WHAT IS EXPECTED:
Take the data below and copy exactly the lines starting at the one with "This stationery collection" and finishing at the one with "ブランドコントロールは、チーム全体のデザインに統一感を持たせるための機能です。", both included.

DATA FOR THIS EXERCISE:
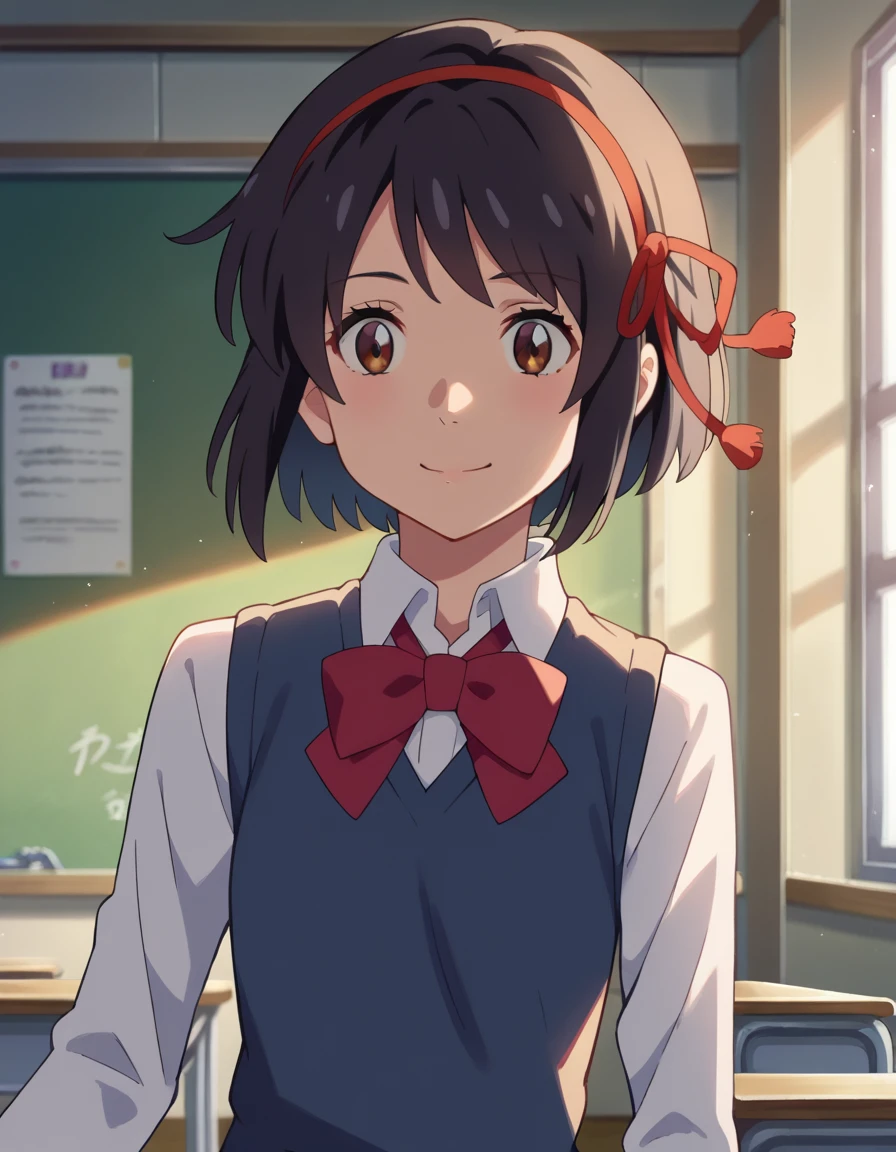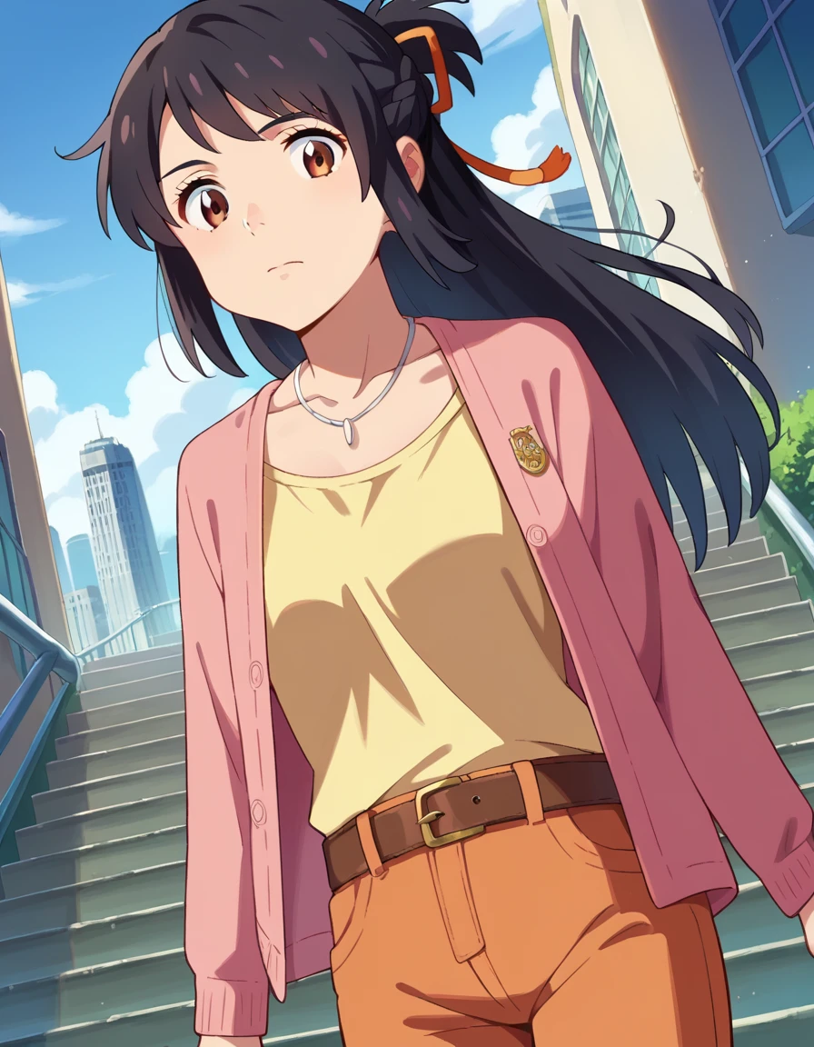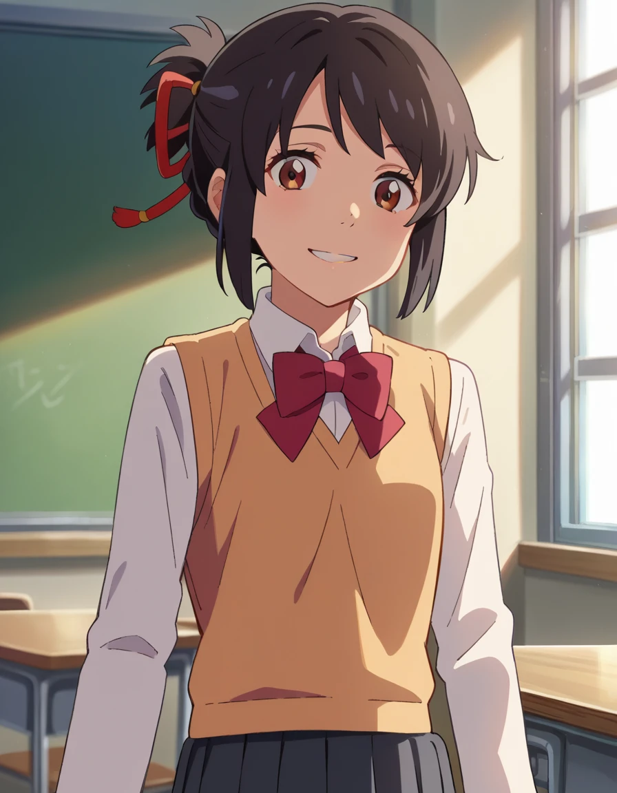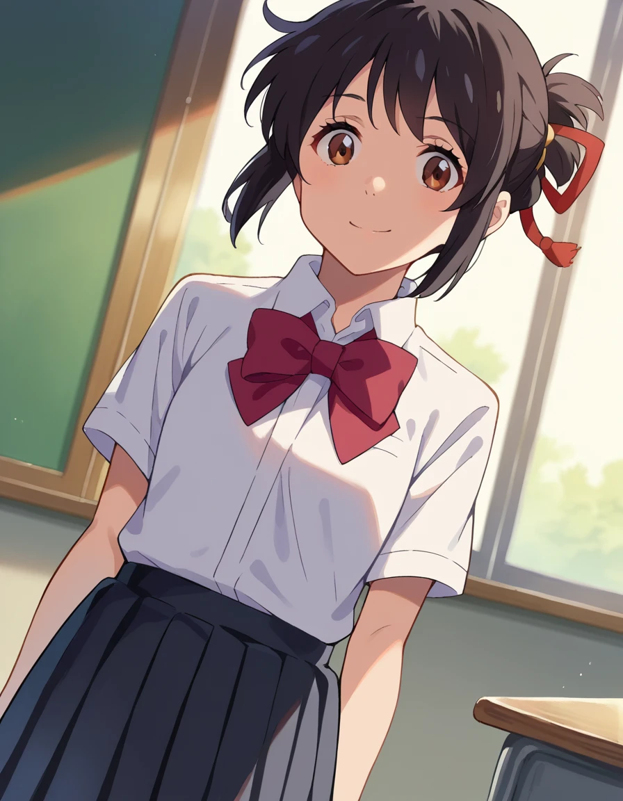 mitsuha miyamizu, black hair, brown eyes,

---

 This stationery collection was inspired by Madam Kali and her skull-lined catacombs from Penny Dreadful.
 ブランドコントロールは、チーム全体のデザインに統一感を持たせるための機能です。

FINISHED TASK:
 This stationery collection was inspired by Madam Kali and her skull-lined catacombs from Penny Dreadful.
 ブランドコントロールは、チーム全体のデザインに統一感を持たせるための機能です。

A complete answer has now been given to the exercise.